In news that's unlikely to surprise anyone hereabouts, we learn today that Ofcom won't be pursuing the BBC over Emily Maitlis's infamous Dominic Cummings monologue on Newsnight.
An Ofcom spoke says:
We consider the programme's opening monologue could be perceived as Ms Maitlis's personal view on a matter of major political controversy.
But, having assessed the programme as a whole, we also found that a range of different viewpoints were given appropriate weight, including those of the UK government.
Given this, and taking into account the BBC's acceptance under its own complaints processes that it fell short of its editorial guidelines, we won't be taking further action.
We have, however, reminded the BBC that when preparing programme introductions in news programmes, to capture viewers' attention - particularly in matters of major political controversy - presenters should ensure that they do not inadvertently give the impression of setting out personal opinions or views.
It's the gentlest of raps on the knuckles.
Ofcom is famously staffed with ex-BBC people.

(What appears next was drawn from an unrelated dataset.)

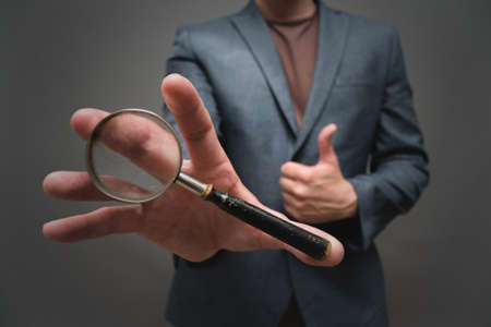 Magnifying glass in the businessman hand close up on gray background.

The language of that is pure BBC.
It "could be perceived" as Ms Maitlis's personal view? Presenters should ensure that they do not "inadvertently give the impression" of setting out personal opinions or views?
Whether or not it was solely Emily Maitlis's personal view, or the Newsnight team's point of view, it's absurd to claim that it wasn't a contentious point of view.
And there was nothing "inadvertent" about it. It was meant.